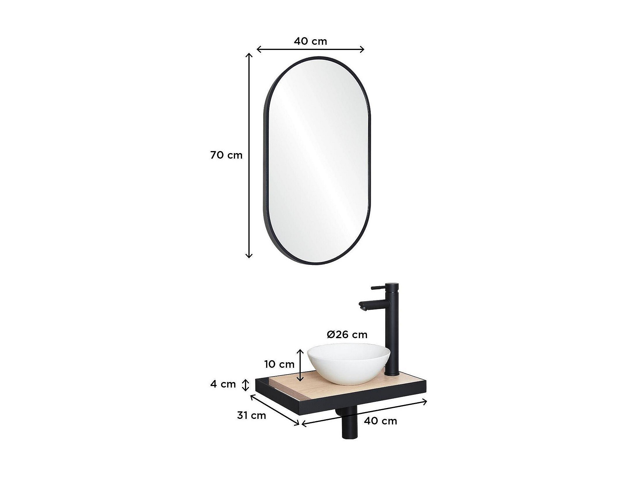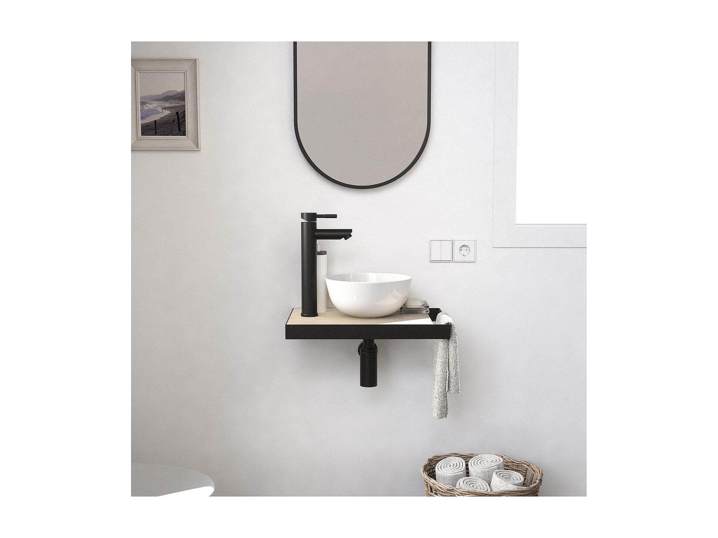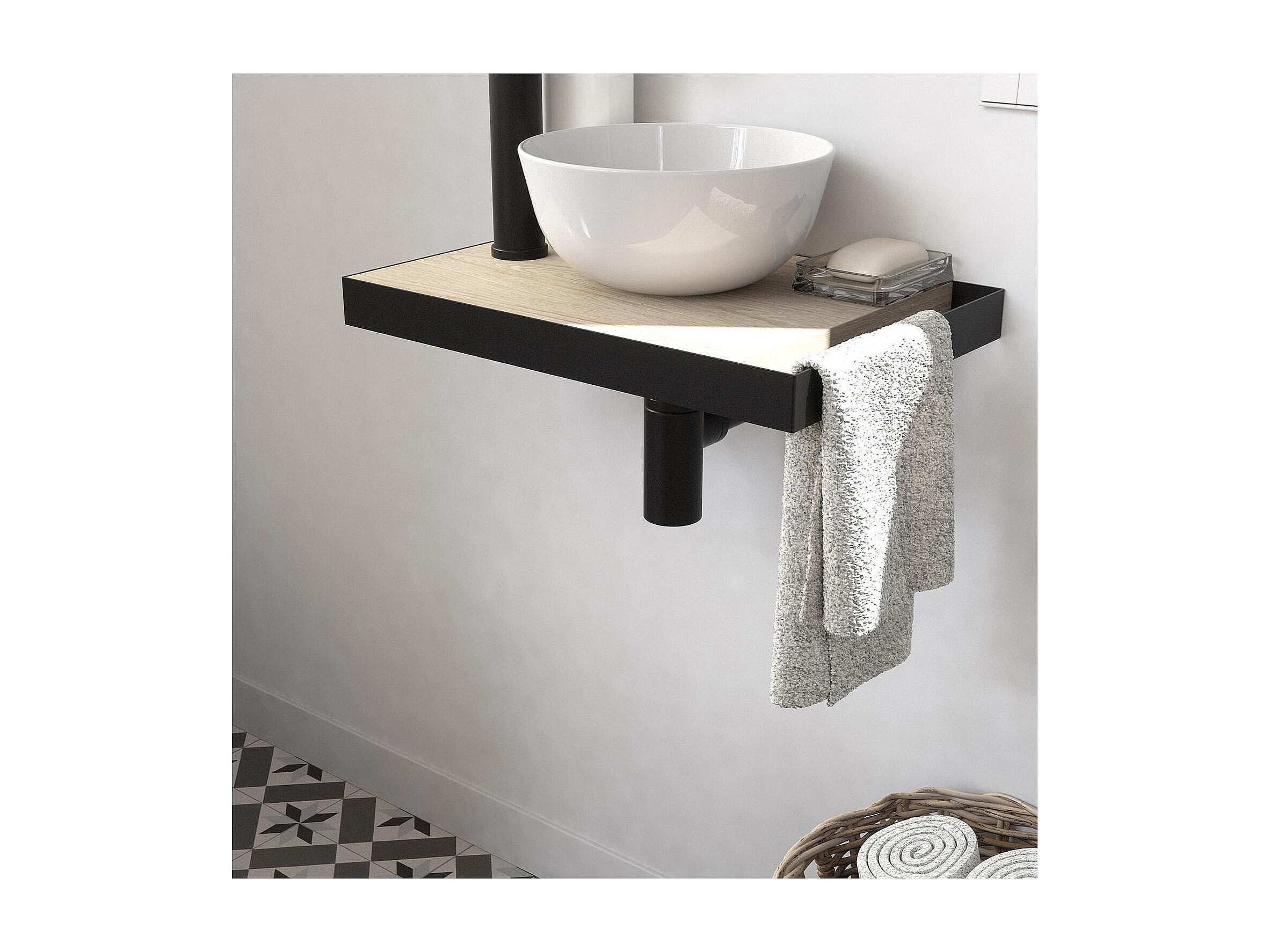 Meuble lave-mains plan fin porte-serviettes côté + vasque blanche + miroir
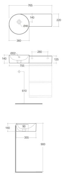 Rak Ceramika Petit Umywalka 77x36 z blatem i szafką podumywalkową 40x22 scandinavian oak PET277JOY040SOK
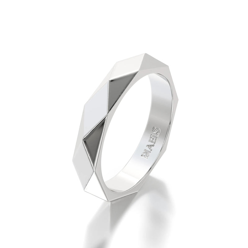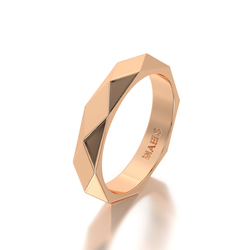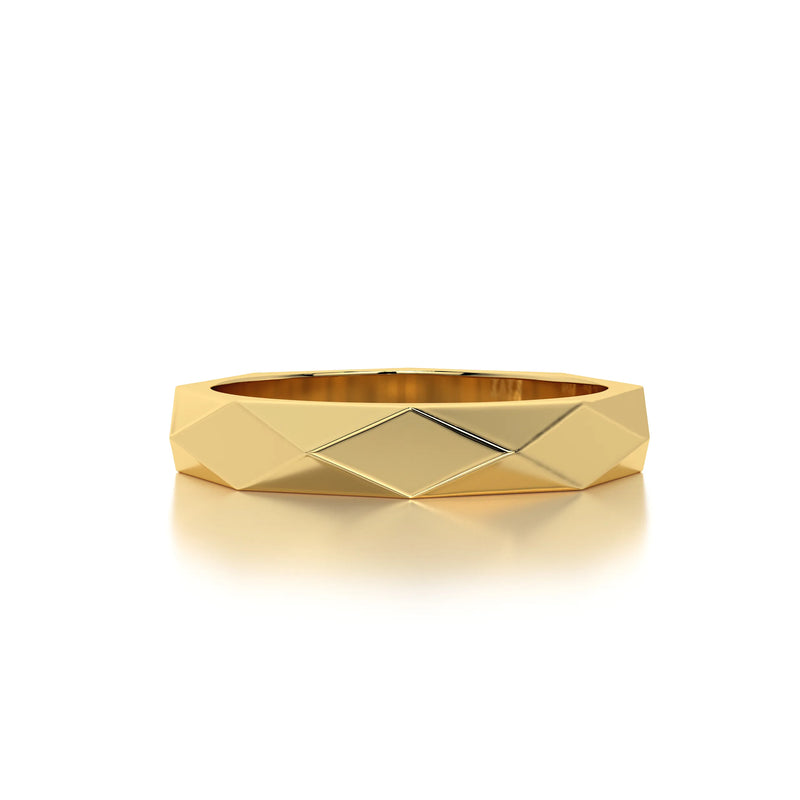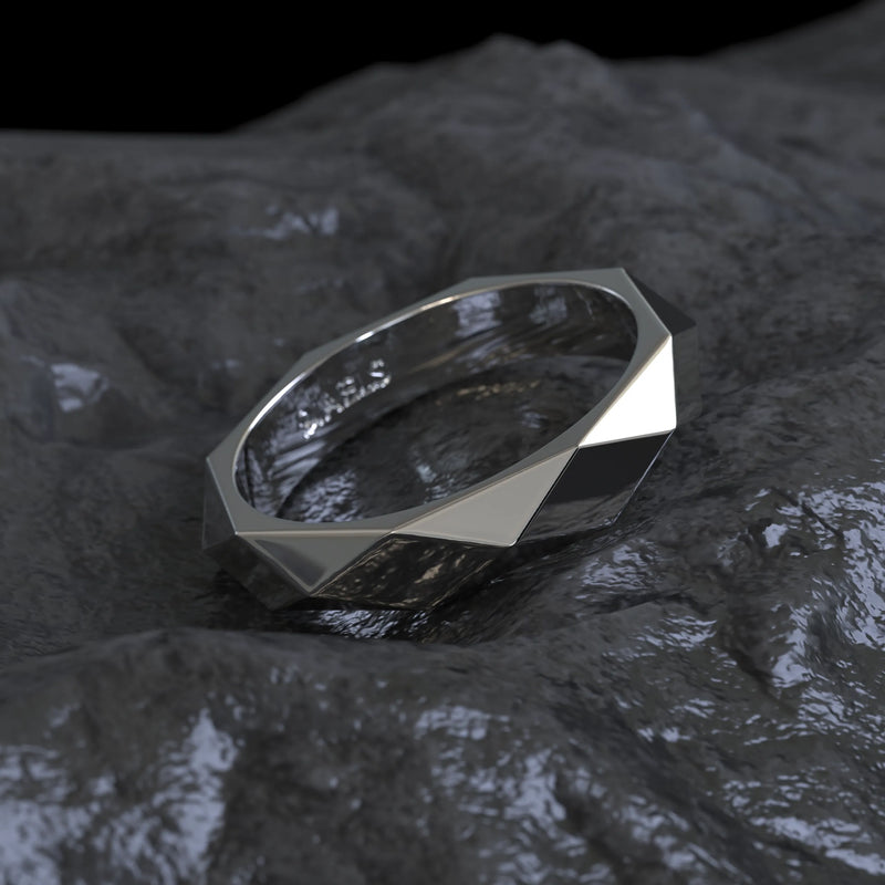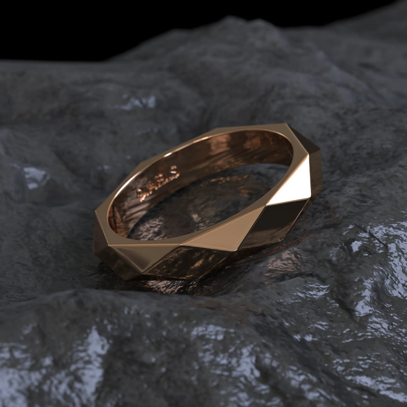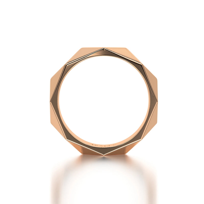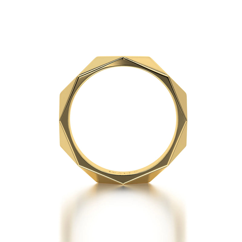 The Prism Gold Band is a bold and modern men's wedding band featuring a faceted geometric design that reflects light from every angle. Crafted from solid gold, this unique band blends contemporary architecture with timeless elegance. Perfect for those who appreciate sharp, distinctive style and lasting sophistication.

[Assignment] Please write out all the data word for word, but keep every picture out.

[Written response]
 Meuble lave-mains plan fin porte-serviettes côté + vasque blanche + miroir
 Rak Ceramika Petit Umywalka 77x36 z blatem i szafką podumywalkową 40x22 scandinavian oak PET277JOY040SOK
 The Prism Gold Band is a bold and modern men's wedding band featuring a faceted geometric design that reflects light from every angle. Crafted from solid gold, this unique band blends contemporary architecture with timeless elegance. Perfect for those who appreciate sharp, distinctive style and lasting sophistication.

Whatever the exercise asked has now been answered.